Vonis seumur hidup yang dijatuhkan majelis hakim lebih ringan dibanding tuntutan jaksa yang mengharapkan hukuman mati. Secara prosedural, baik pihak terdakwa (melalui penasihat hukum) maupun JPU masih memiliki hak untuk mengajukan upaya hukum (banding atau kasasi) dalam jangka waktu yang ditetapkan undang-undang. Dalam sidang, kedua pihak menyatakan akan mempertimbangkan opsi tersebut.

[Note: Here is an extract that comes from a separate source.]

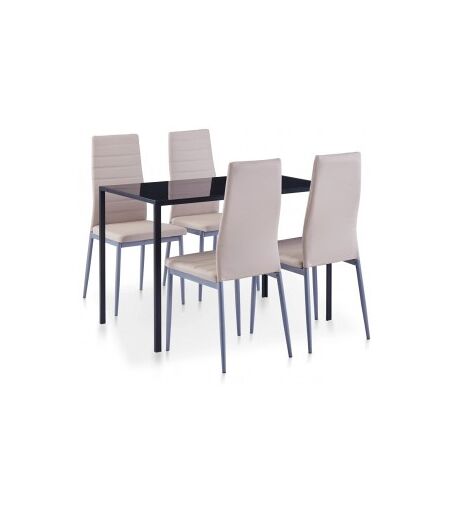 Este conjunto de mesas de jantar, composto por 5 peças, tem um design elegante e moderno e é perfeito para aqueles que procuram adicionar um toque de estilo ao seu interior. A mesa é feita de vidro temperado de alta resistência que é fácil de limpar. Cada cadeira é revestida com couro artificial de alta qualidade. A poltrona flexível é muito confortável. A entrega inclui 1 mesa e 4 cadeiras. ...

Implikasi untuk institusi: etika, akuntabilitas, dan pengawasan internal

Kasus ini menyoroti dua hal utama yang sensitif bagi institusi kepolisian: konflik kepentingan internal dan penanganan tambang/galian ilegal yang sering memicu benturan kepentingan antara aparat dan pelaku usaha lokal. Pemecatan Dadang pada November 2024 menyiratkan langkah internal disipliner yang cepat, namun akar masalah mengapa seorang perwira terlibat dalam proyek yang berpotensi konflik kepentingan dengan tugasnya menuntut evaluasi kebijakan pengawasan internal dan mekanisme pencegahan penyalahgunaan wewenang.

Publik kerap menilai kredibilitas penegakan hukum tidak hanya dari vonis pengadilan pidana, tetapi juga dari keberlangsungan reforma internal yang mencegah pengulangan kasus serupa.

Luka yang tak mudah sembuh

Putusan pengadilan memberi respons hukum atas tindakan yang menghilangkan nyawa seorang penyidik. Namun bagi keluarga korban, hilangnya anak dan saudara tetap menyisakan luka mendalam yang tak bisa ditutup dengan vonis apa pun. Bagi institusi, putusan ini menjadi momen refleksi: menegakkan hukum terhadap pelanggar di dalam tubuhnya sendiri sekaligus menutup celah-celah yang memungkinkan konflik kepentingan memicu tragedi.

Laporan ini disusun berdasarkan keterangan persidangan, tuntutan jaksa, dan pernyataan keluarga sebagaimana dikabarkan dalam proses persidangan. Untuk rincian administrasi pengadilan, draf putusan, atau perkembangan upaya banding, pembaruan akan tercatat dalam dokumen resmi pengadilan dan jaksa.